Я вылез на бортик бассейна, поёжился от холода, напоследок разглядывая, кто там в воде. В конце дорожки разговаривали курносая девушка в белой резиновой шапочке и чёрном купальном костюме и парень в синей шапочке и синих плавках. Девушка подняла глаза, и её взгляд стрельнул в мою сторону.
- Кто дальше всех нырнёт? – услышал я.
- Конечно я! – отозвался её собеседник.
Сеанс подходил к концу. С минуты на минуту зазвенит звонок. Я никого не узнавал. Девушки в шапочках всё на одно лицо. Если бы они хотя бы всегда были в одних и тех же купальных комбинациях, но они меняют и их.

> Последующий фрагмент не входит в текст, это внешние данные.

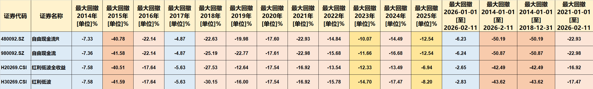 2015年期间,自由现金流指数年度最大回撤超过41%,红利低波指数也超过40%。2016年熔断后,两个指数年度最大回撤仍在17%-22%之间。2018年贸易摩擦背景下,红利低波指数年度最大回撤超过30%,自由现金流指数超过25%。整个2014年至2018年期间,自由现金流指数的最大回撤达到50.87%,红利低波指数达到43.62%。

- Да, неужели? – теперь она засмеялась.
- Поспорим? – возразил парень.
Я двинулся прочь в душевую. Весь прошлый год я тренировался нырять, и уже знал свой придел.

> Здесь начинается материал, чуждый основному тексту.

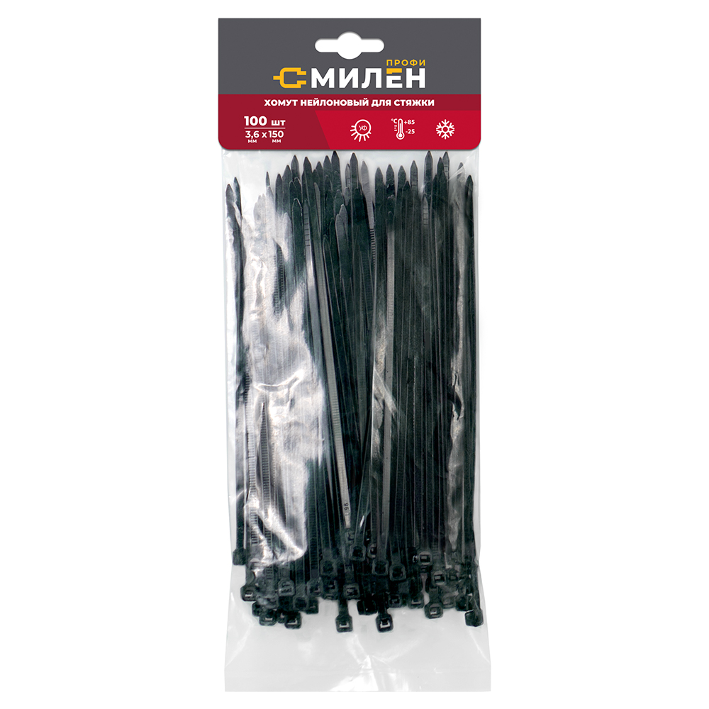 Нейлоновые хомуты для стяжки Милен, чёрные, 3,6*150 мм, 100 шт

- Сколько сможешь? – спросила девушка.
- Больше двадцати пяти метров, - гордо ответил парень.
- Насмешил! – фыркнула она, - а пятьдесят?
Я напоследок посмотрел на белоголовку, не попадалась ли она мне раньше, вроде нет. Уже в коридоре я услышал:
- Всё равно проплыву больше всех!
- Спорим на поцелуй?
Я вернулся к воде. Я знаю только трёх человек, которые могут одолеть бассейн в оба конца. Повезёт – увижу чётвёртого.

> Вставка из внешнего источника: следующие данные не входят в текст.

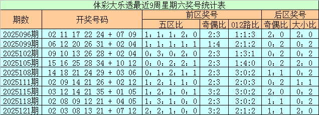 上期回顾:体彩大乐透上周星期六(第2025121期)奖号为02 03 08 13 21 + 07 12,前区奖号五区比为2:2:1:0:0,奇偶比为3:2,012路比为2:1:2,后区奖号奇偶比为1:1,大小比为2:0。

- Ребята! – кричала курносая девушка в белой резиновой шапочке, - будете нырять?
Она оглядывалась, а её собеседник в синей шапочке угрюмо сверлил девушку взглядом.
- Я поцелую того, кто пронырнёт дальше!
- Целуй меня, буду первым!
- Кто ещё! Всем можно! – позвала белоголовка.
Я набросил полотенце на плечи и подошёл к столику, где должен был сидеть дежурный тренер и следить за посетителями, как бы чего не вышло. Тренера не было. Только две студентки мерзли, сжимая в руках зачетки.
- Дура, эта Анька! Если кто утонет? – возмутилась одна.
- Она их подначивает, - злилась другая.
- Пойду, скажу, пусть их разгонят, - грозилась первая.
- Остановись! Никто не утонет, откачают, а ей вставят по полной.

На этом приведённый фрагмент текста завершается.